- Do thorough reference checks on all parties that the corporation is engaging, including the manager. Relying on personal impressions is risky. Fraudsters are frequently masters at schmoozing their victims.
- Beware of bids that are substantially lower than the others. As the old adage goes “If it sounds too good to be true it probably is”. This applies not only to the management contract itself, but to all contracts for services.
- The management contract should obligate the manager to obtain a fidelity bond that will protect the corporation from any fraudulent act or omissions of the manager or the manager’s employees. Ensure that the bond is renewed annually and a certificate from the bonding company is delivered to the board members annually. The bond should not be cancellable by either the manager or the bond insurer unless prior notice of cancellation is given to all board members (not in care of the manager). As for who is responsible for the premium costs to pay for the bond that is a matter to be negotiated with the manager.

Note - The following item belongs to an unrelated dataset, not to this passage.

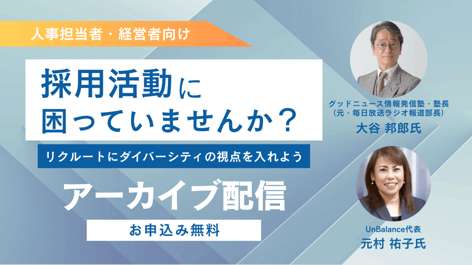 新卒採用をはじめとする採用活動にお困りの企業担当者向けのセミナーのアーカイブ動画です。ダイバーシティの視点を取り入れ、今後の採用活動を再考してみませんか?

- The management contract should prohibit the manager from engaging related companies to provide goods or services to the corporation.
- The condo corporation should not give the manager sole authority to sign cheques. At a minimum all cheques should be signed by one board member along with the manager.
- Board members need to be vigilant. Some frauds are conducted over a lengthy course of time. In order to avoid detection the fraudster needs to be constantly monitoring things and taking steps to cover up the fraud. Employees engaged in fraudulent activities are reluctant to take vacation time for fear that the fraud will be exposed during their absence. Management employees who do not take any vacation time or who seem to have an excessively lavish lifestyle should raise red flags.
In view of how the manager in the reported story was able to fraudulently borrow money in the corporation’s name, perhaps corporations should consider instructing their legal counsel to conduct periodic and/or random title searches. Of course the manager cannot be privy to any information as to when and how often these searches are being conducted.
While the above measures may not completely stop a determined and clever fraudster who is willing to engage in forgery, hopefully they will make it more difficult for a fraud to be committed.